Visiting Afghanistan independently vs with a tour
If you browse the web, you’ll find a myriad of tour operators offering to show you the “real Afghanistan” for just 3000 USD for a 7-day trip. Blah! It’s absolutely not necessary, and you can travel to Afghanistan independently, without a guide or tour, for less than 500 USD. I’ll get to the budget later.
A great deal of time has gone into compiling this independent Afghanistan travel guide in the hope that you will feel more confident and equipped to explore the country yourself.
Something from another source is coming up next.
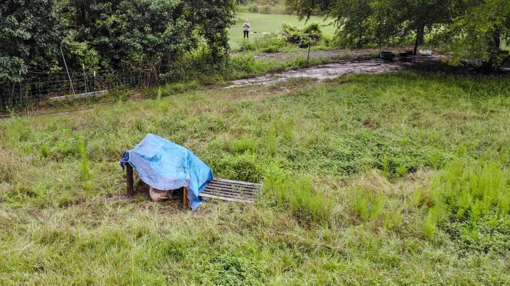 Hurricane Isaias didn’t affect the farm much. Instead, a brief but thunderous outpouring occurred just after the sun went down. Knowing the three sows were pregnant, I went out to check on them when the thunder had subsided. Sure enough, the stress incurred by the thunderstorm had induced the first sow’s birth — ‘Loin’s first litter! Three separate farrowing enclosures had been built but we had not gotten the girls inside in time. Loin was exhausted, breathing heavy, and nursing nine piglets. I built a makeshift canopy to protect Loin and the little ones through the night.

So, let’s first address your safety concerns.
Is now the right time to visit Afghanistan?

This Afghanistan travel guide is based on first-hand experience. When I first announced to friends and family that I was planning on visiting Afghanistan during a 4-month overland trip from Turkey to Pakistan, they thought I was nuts. They said, “Why now? It’s not safe. Aren’t you scared of the Taliban…?”
When I crossed the Tajik-Afghan border, dressed in a long black dress and a hijab, I was unbelievably nervous and thought, “What the hell am I doing?!” But after spending even a few hours in the country, I realised I had made the right decision by giving Afghanistan a chance.
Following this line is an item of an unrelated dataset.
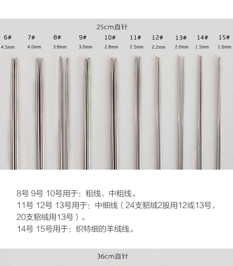 如意鸟 不锈钢毛衣针 长直针 编织工具 36cm 25cm

In my honest opinion, if you’re interested in visiting Afghanistan, the best time to visit is now. Yes, the Taliban are s***, but after 20 years of war, the country is the “safest” it has been in a long time.
Is Afghanistan safe to travel to in 2025?
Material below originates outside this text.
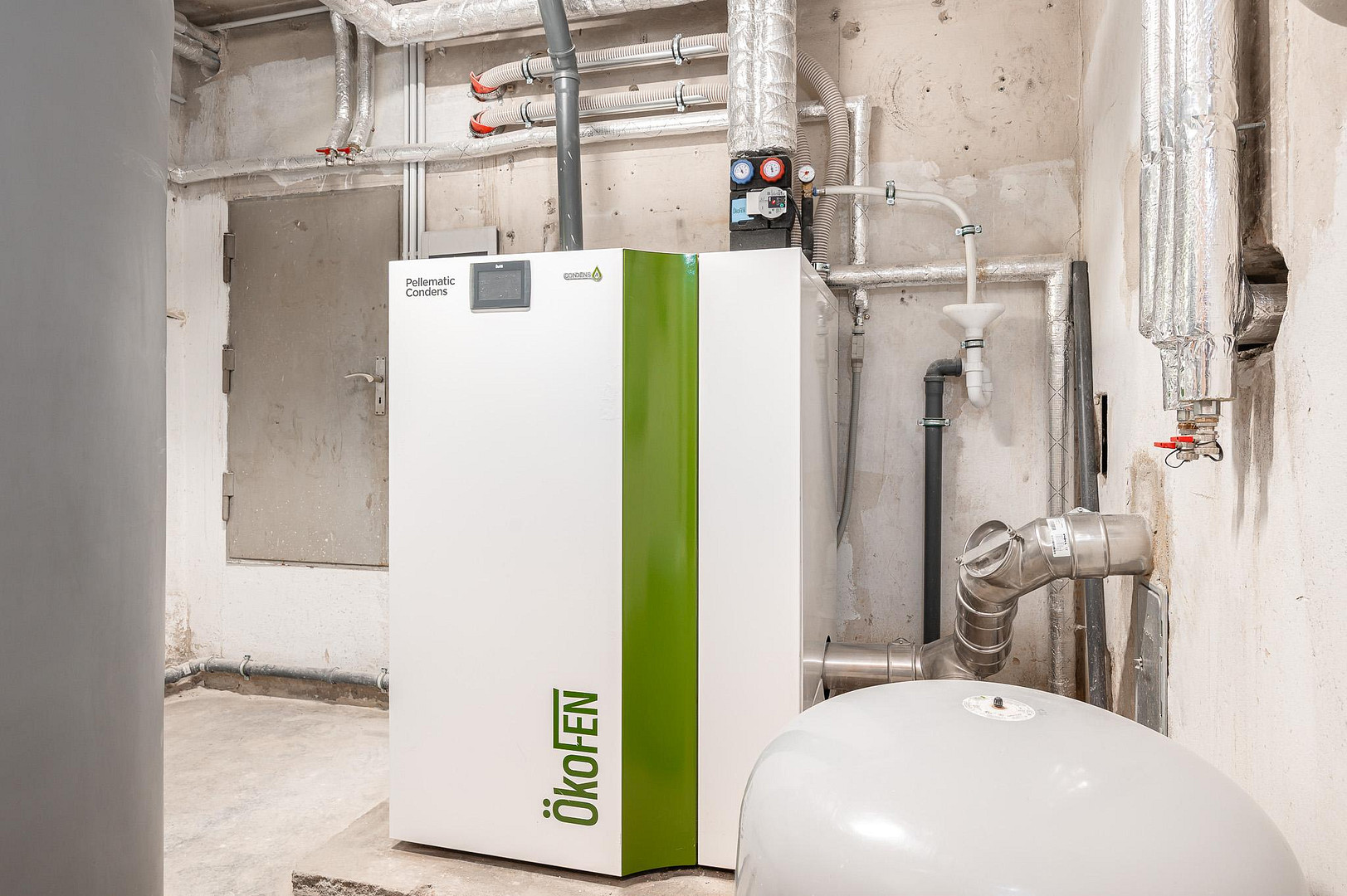 Beheizt wird die Wohnung über eine moderne, neu installierte Pelletheizung, die sowohl effizient als auch umweltfreundlich arbeitet.

Naturally, safety is your primary concern if you’re considering travelling to Afghanistan in 2025.
I get it—it’s easy to be convinced that Afghanistan is the most dangerous state in the world just by scrolling through social media or watching the news. I mean, just before I entered Afghanistan, friends sent me several news articles reporting on human rights violations against women and a new law forbidding them from raising their voices in public(see article here), as well as an article reporting three Spanish tourists shot in Bamyan only a few months earlier.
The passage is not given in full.